Exercise requirements: Give every line of the material back exactly, images removed.

Records for the exercise:

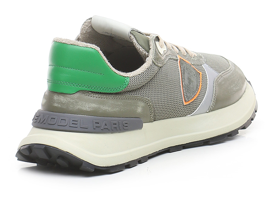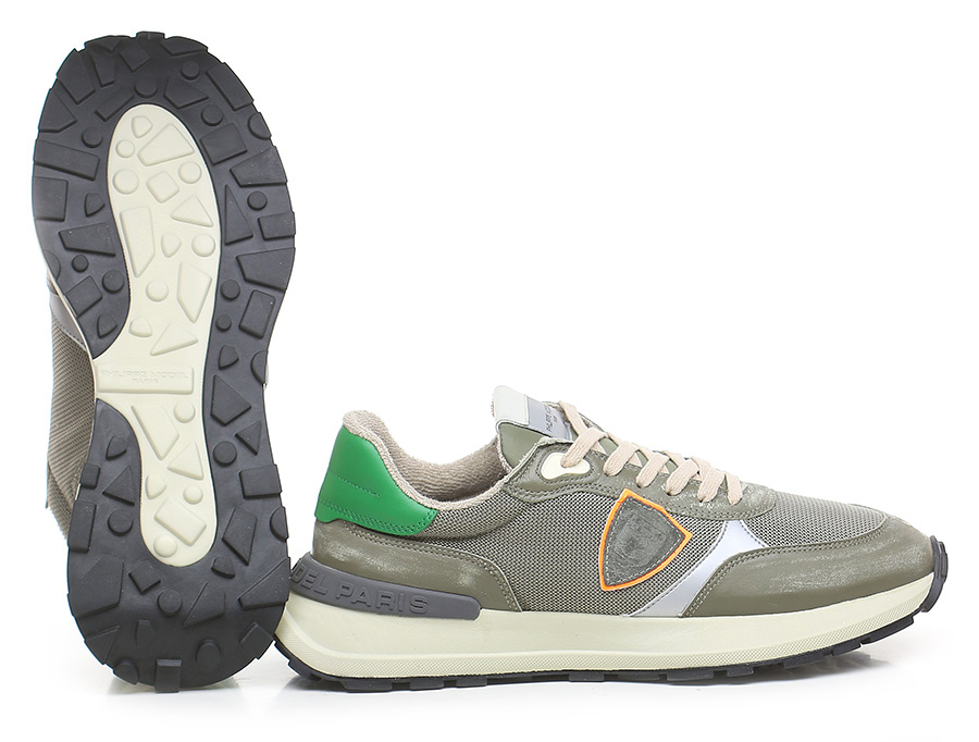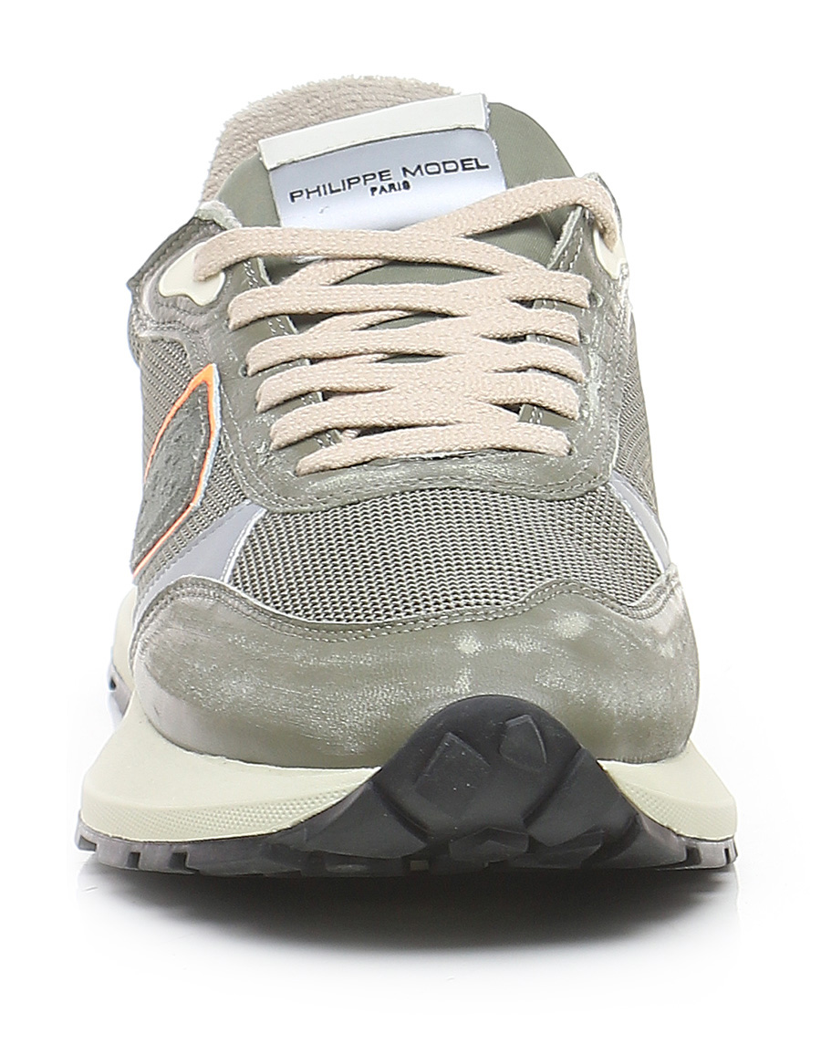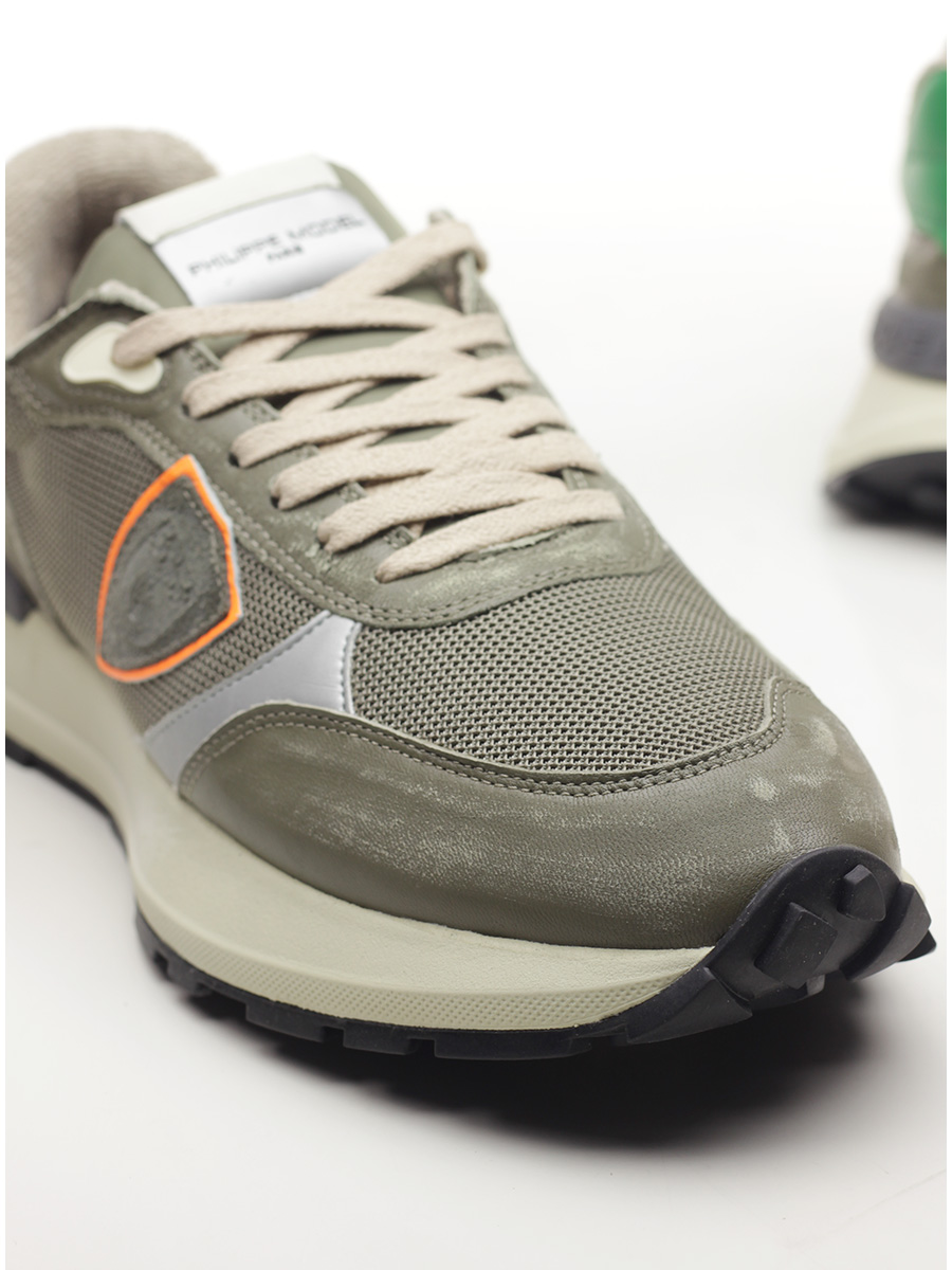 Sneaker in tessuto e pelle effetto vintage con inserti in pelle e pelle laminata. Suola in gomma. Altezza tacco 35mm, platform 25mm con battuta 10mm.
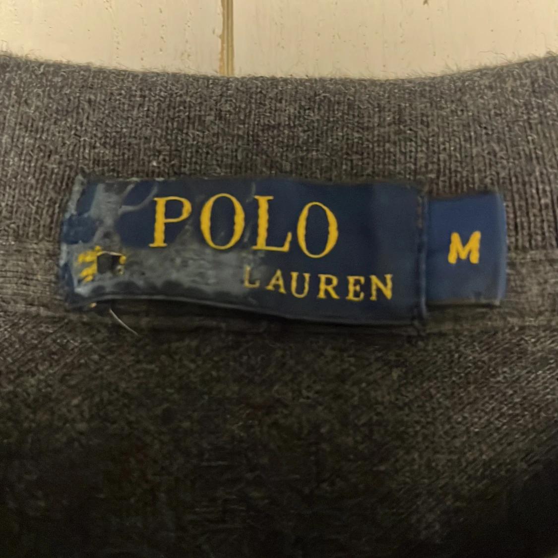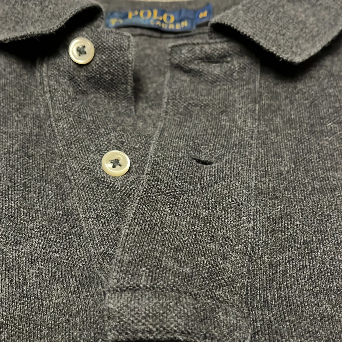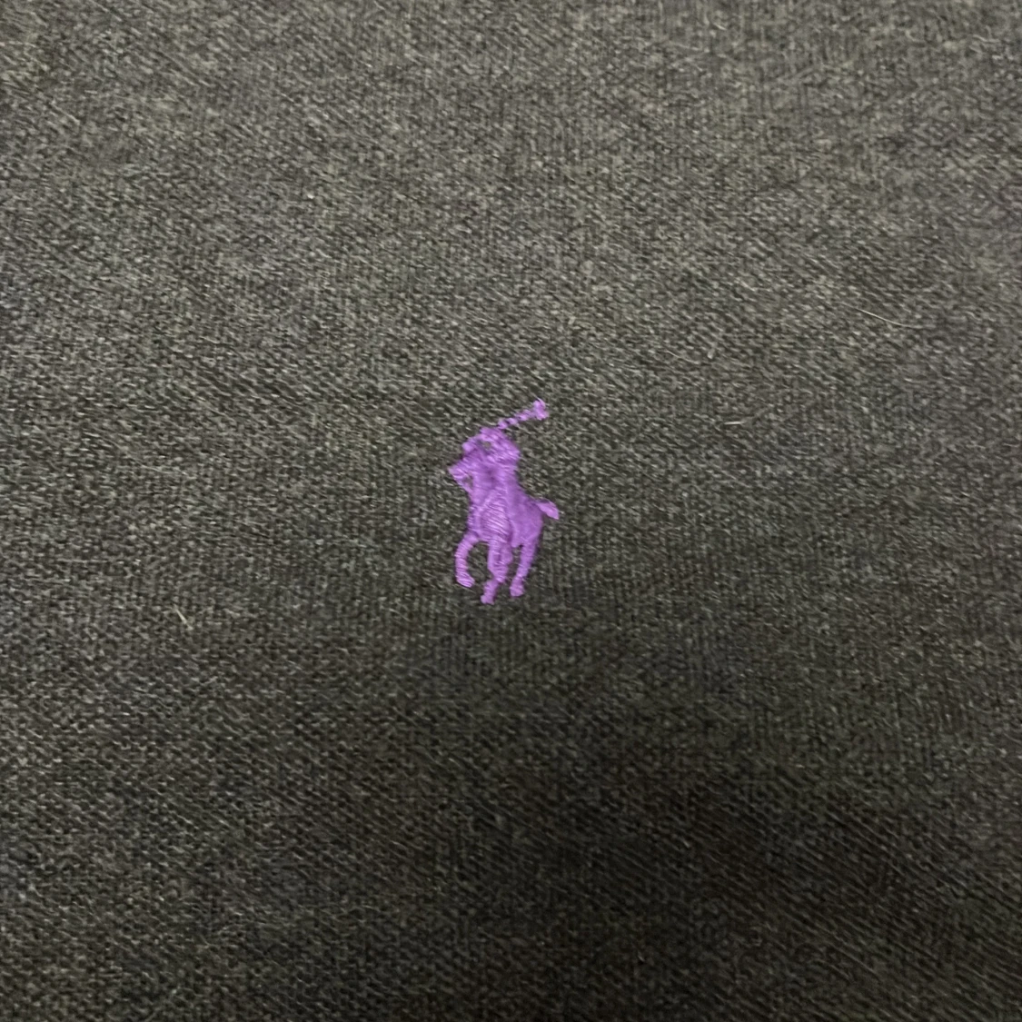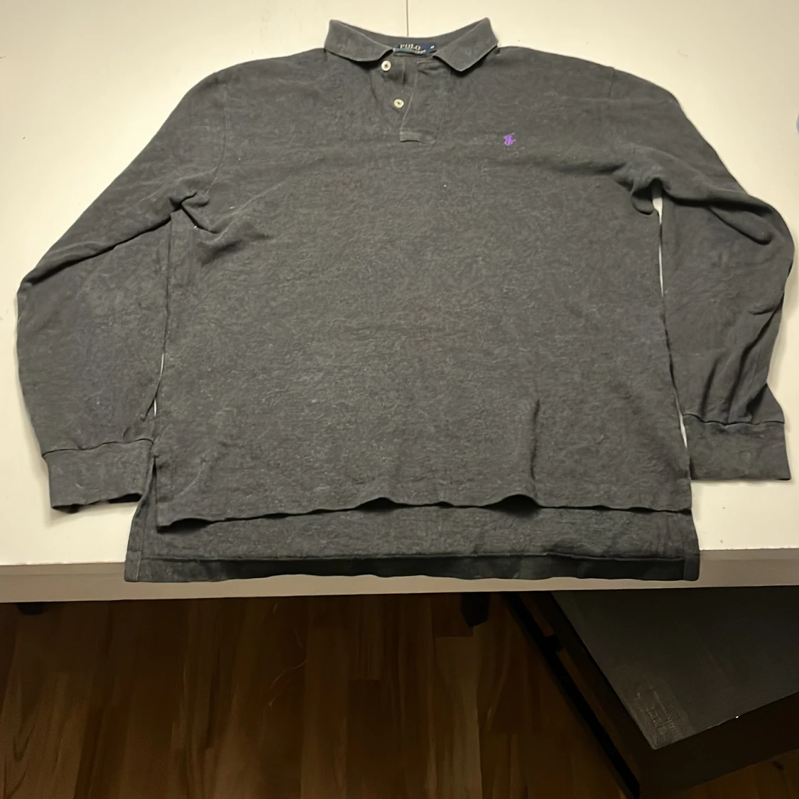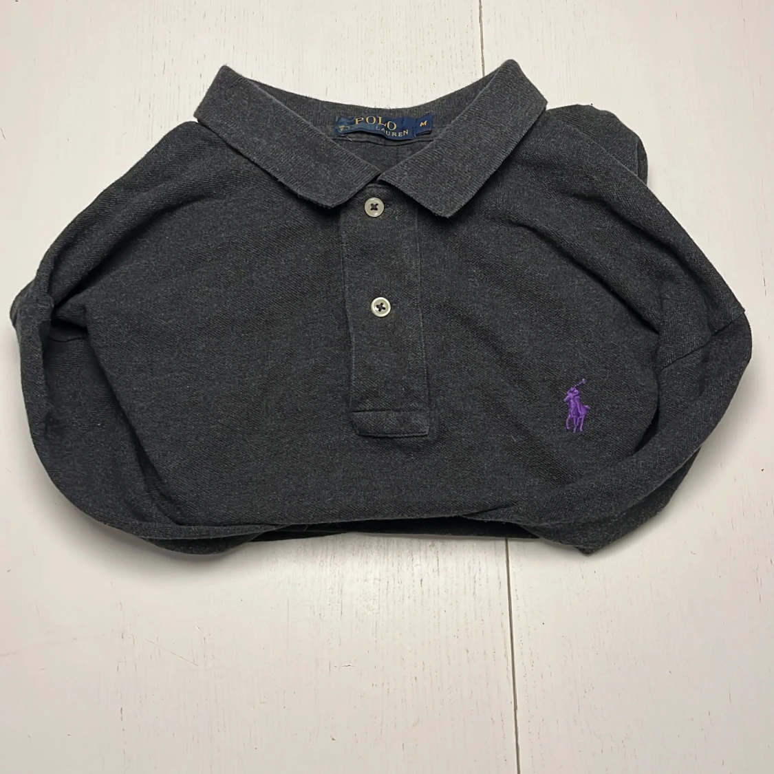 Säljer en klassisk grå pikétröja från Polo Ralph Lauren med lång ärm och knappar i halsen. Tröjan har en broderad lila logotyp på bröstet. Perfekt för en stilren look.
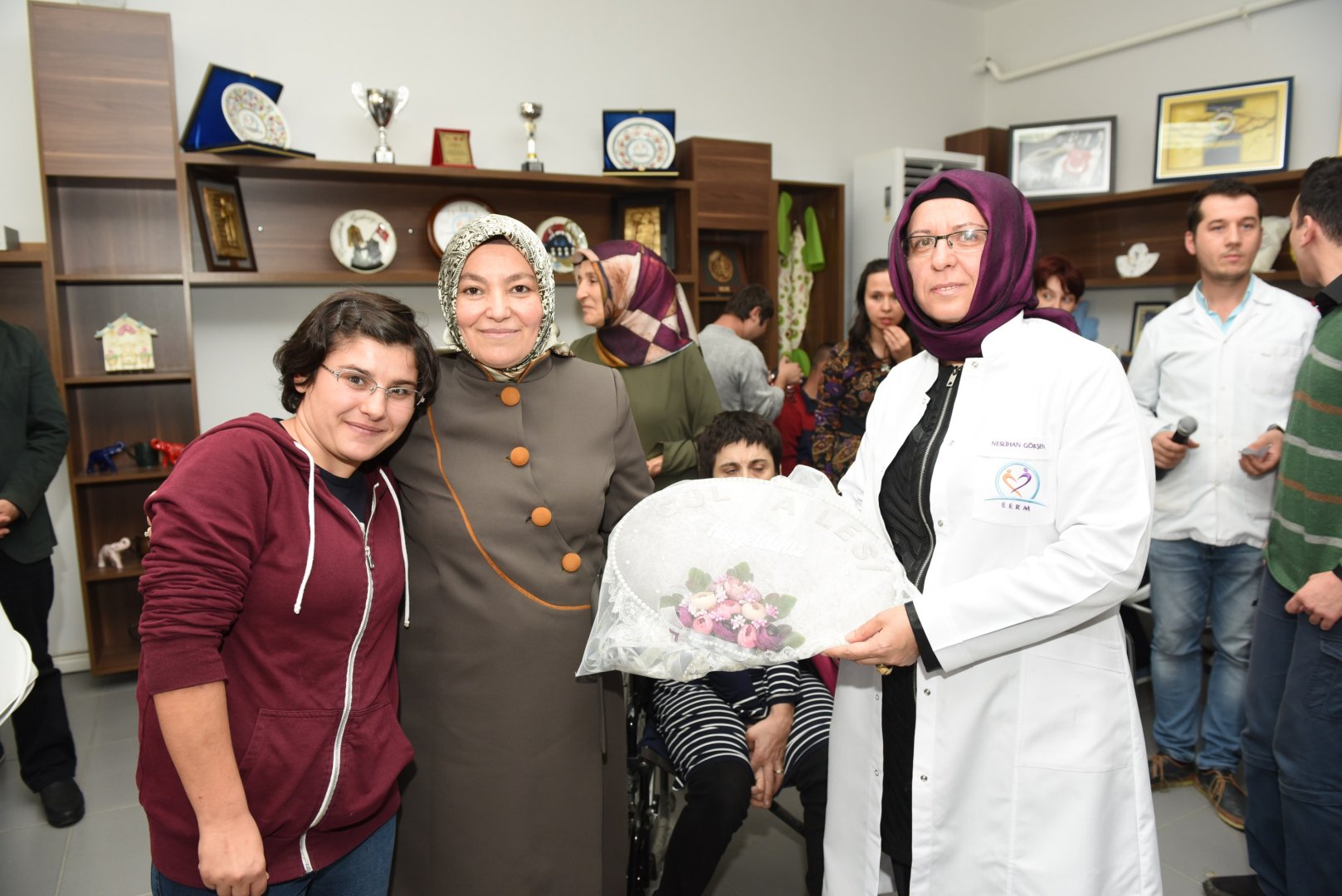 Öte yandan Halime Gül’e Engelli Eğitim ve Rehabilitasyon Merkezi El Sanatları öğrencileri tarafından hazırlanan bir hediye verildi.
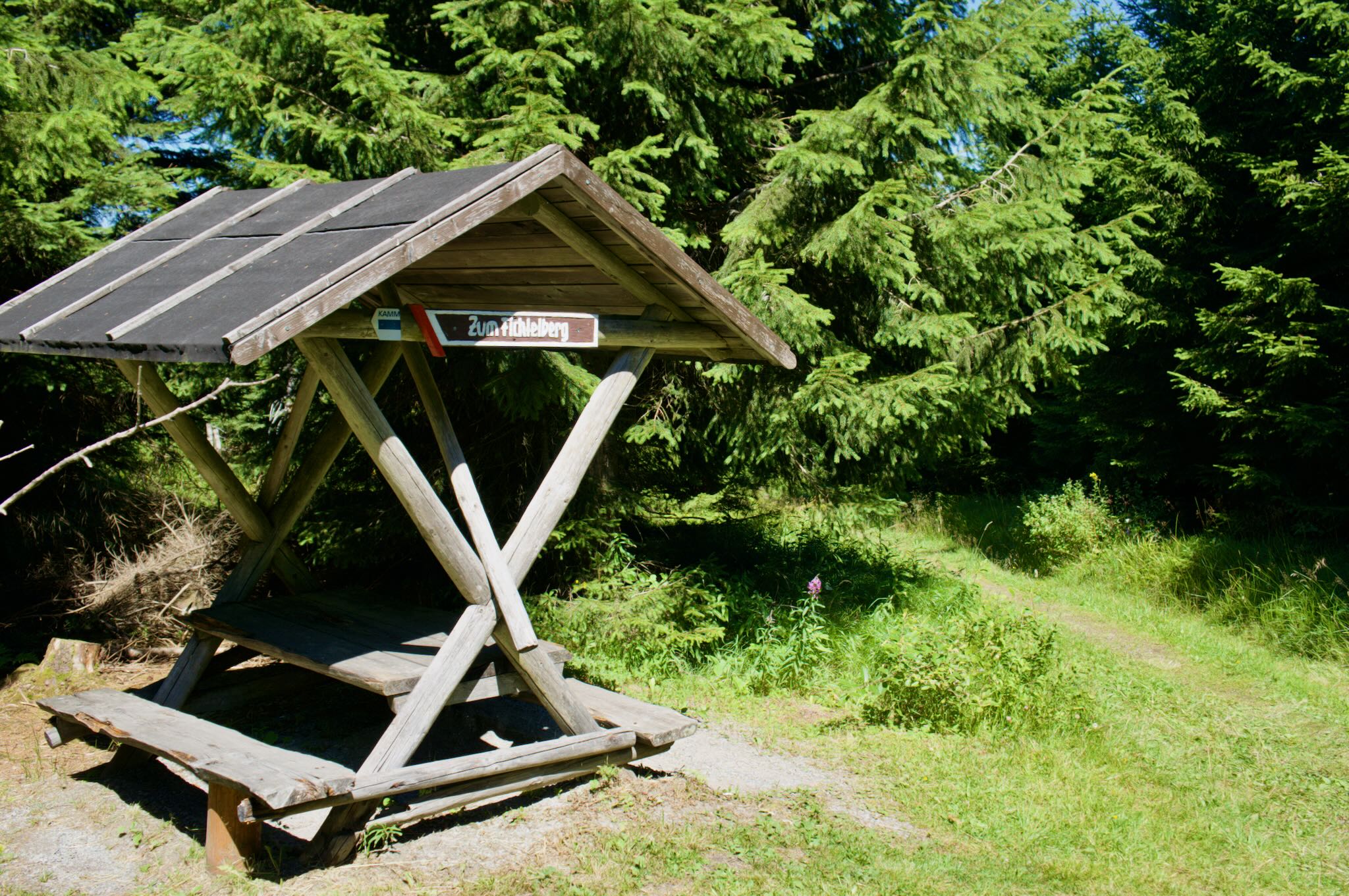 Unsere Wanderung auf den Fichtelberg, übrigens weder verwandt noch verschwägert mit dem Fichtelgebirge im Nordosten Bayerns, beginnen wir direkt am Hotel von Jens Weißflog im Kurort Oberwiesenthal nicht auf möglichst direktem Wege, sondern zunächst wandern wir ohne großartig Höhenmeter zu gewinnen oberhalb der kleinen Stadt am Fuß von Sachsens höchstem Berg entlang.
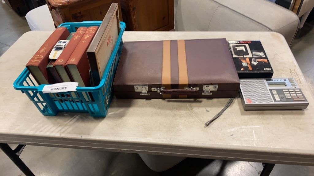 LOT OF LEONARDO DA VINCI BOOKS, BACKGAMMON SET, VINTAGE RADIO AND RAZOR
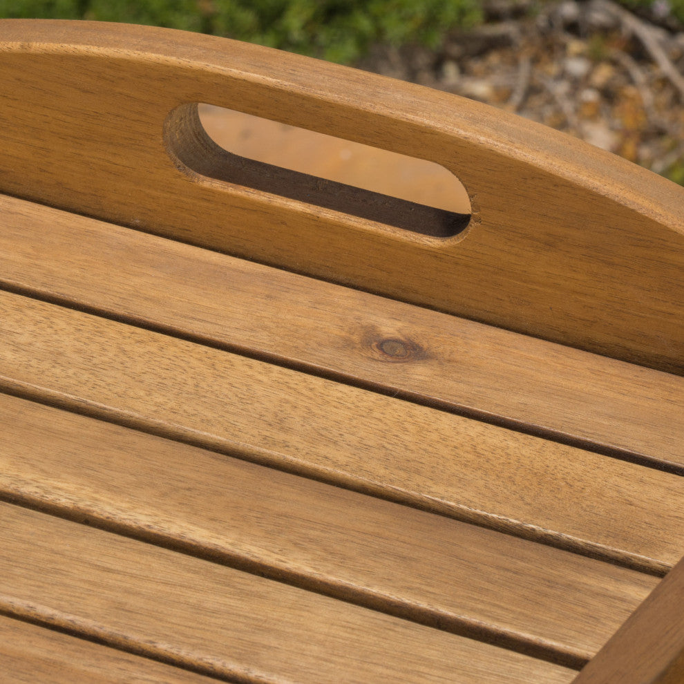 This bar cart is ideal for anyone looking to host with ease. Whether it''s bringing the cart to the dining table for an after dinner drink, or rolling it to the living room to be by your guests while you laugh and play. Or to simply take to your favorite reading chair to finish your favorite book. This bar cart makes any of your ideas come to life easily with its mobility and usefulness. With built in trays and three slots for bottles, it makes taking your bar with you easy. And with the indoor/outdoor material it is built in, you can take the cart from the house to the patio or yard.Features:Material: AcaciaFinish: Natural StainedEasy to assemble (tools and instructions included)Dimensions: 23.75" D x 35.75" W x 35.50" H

Response for this exercise:
 Sneaker in tessuto e pelle effetto vintage con inserti in pelle e pelle laminata. Suola in gomma. Altezza tacco 35mm, platform 25mm con battuta 10mm.
 Säljer en klassisk grå pikétröja från Polo Ralph Lauren med lång ärm och knappar i halsen. Tröjan har en broderad lila logotyp på bröstet. Perfekt för en stilren look.
 Öte yandan Halime Gül’e Engelli Eğitim ve Rehabilitasyon Merkezi El Sanatları öğrencileri tarafından hazırlanan bir hediye verildi.
 Unsere Wanderung auf den Fichtelberg, übrigens weder verwandt noch verschwägert mit dem Fichtelgebirge im Nordosten Bayerns, beginnen wir direkt am Hotel von Jens Weißflog im Kurort Oberwiesenthal nicht auf möglichst direktem Wege, sondern zunächst wandern wir ohne großartig Höhenmeter zu gewinnen oberhalb der kleinen Stadt am Fuß von Sachsens höchstem Berg entlang.
 LOT OF LEONARDO DA VINCI BOOKS, BACKGAMMON SET, VINTAGE RADIO AND RAZOR
 This bar cart is ideal for anyone looking to host with ease. Whether it''s bringing the cart to the dining table for an after dinner drink, or rolling it to the living room to be by your guests while you laugh and play. Or to simply take to your favorite reading chair to finish your favorite book. This bar cart makes any of your ideas come to life easily with its mobility and usefulness. With built in trays and three slots for bottles, it makes taking your bar with you easy. And with the indoor/outdoor material it is built in, you can take the cart from the house to the patio or yard.Features:Material: AcaciaFinish: Natural StainedEasy to assemble (tools and instructions included)Dimensions: 23.75" D x 35.75" W x 35.50" H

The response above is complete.